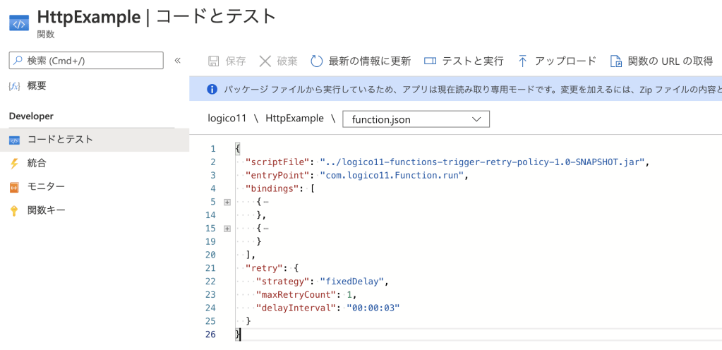 続いてTrigger Retry Policyの設定。今回はTrigger Retry Policyをhost.jsonとfunction.jsonで異なるものを指定し、どちらが優先するか(function.jsonへの指定が優先することはわかっているが)を確認する。まずはhost.jsonに指定。
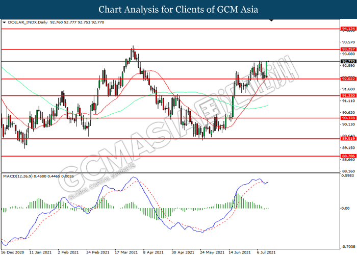 Indeks Dolar yang didagang terhadap sebakul enam pasangan mata wang utama telah melonjak dengan ketara dengan latar belakang peningkatan kadar inflasi yang ketara dari Unites States semalam, yang mencetuskan harapan bahawa Federal Reserve akan bermula mengetatkan program pembelian bonnya sambil mengurangkan pembelian asetnya yang besar untuk memerangi risiko inflasi yang tinggi pada masa depan. Pengetatkan dalam proses pembelian bon akan menyebabkan panik ke pasaran bon global, sementara mengurangkan peredaran wang dalam Dolar AS dan memberikan momentum bullish ke atas Dolar AS. Menurut kepada Bureau of Labor Statistiks AS, U.S. Core Consumer Price Indeks (CPI) MoM telah meningkat dengan ketara dari bacaan terdahulu sebanyak 0.7% ke bacaan esbanyak 0.9%, lebih baik daripada jangkaan pasaran sebanyak 0.4%. Sementara itu, para pelabur akan dicadangkan untuk memberi fokus pada pernyataan dari Federal Reserve untuk menerima isyarat dagangan yang lanjutnya. Semasa penulisan, Indeks Dolar telah meningkat sebanyak 0.06% ke 92.81.
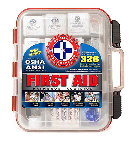 The words are valuable along with the transparent case. The kit comes with 326 pieces that are accessed rapidly from the layperson or healthcare provider. The kit comes in other forms as well that does not provide a transparent covering. The items are still recognizable for easy and quick access. The general price is between $34 to $40 and is easily transported for hikes, camping, fishing, sports event, and boat trips. The kit is typically made in China but is obtainable from Sam stores in the United States. The contents include:

--*--

#### Work required:
Copy out all the data exactly; skip the pictures.

#### Task output:
 続いてTrigger Retry Policyの設定。今回はTrigger Retry Policyをhost.jsonとfunction.jsonで異なるものを指定し、どちらが優先するか(function.jsonへの指定が優先することはわかっているが)を確認する。まずはhost.jsonに指定。
 Indeks Dolar yang didagang terhadap sebakul enam pasangan mata wang utama telah melonjak dengan ketara dengan latar belakang peningkatan kadar inflasi yang ketara dari Unites States semalam, yang mencetuskan harapan bahawa Federal Reserve akan bermula mengetatkan program pembelian bonnya sambil mengurangkan pembelian asetnya yang besar untuk memerangi risiko inflasi yang tinggi pada masa depan. Pengetatkan dalam proses pembelian bon akan menyebabkan panik ke pasaran bon global, sementara mengurangkan peredaran wang dalam Dolar AS dan memberikan momentum bullish ke atas Dolar AS. Menurut kepada Bureau of Labor Statistiks AS, U.S. Core Consumer Price Indeks (CPI) MoM telah meningkat dengan ketara dari bacaan terdahulu sebanyak 0.7% ke bacaan esbanyak 0.9%, lebih baik daripada jangkaan pasaran sebanyak 0.4%. Sementara itu, para pelabur akan dicadangkan untuk memberi fokus pada pernyataan dari Federal Reserve untuk menerima isyarat dagangan yang lanjutnya. Semasa penulisan, Indeks Dolar telah meningkat sebanyak 0.06% ke 92.81.
 The words are valuable along with the transparent case. The kit comes with 326 pieces that are accessed rapidly from the layperson or healthcare provider. The kit comes in other forms as well that does not provide a transparent covering. The items are still recognizable for easy and quick access. The general price is between $34 to $40 and is easily transported for hikes, camping, fishing, sports event, and boat trips. The kit is typically made in China but is obtainable from Sam stores in the United States. The contents include:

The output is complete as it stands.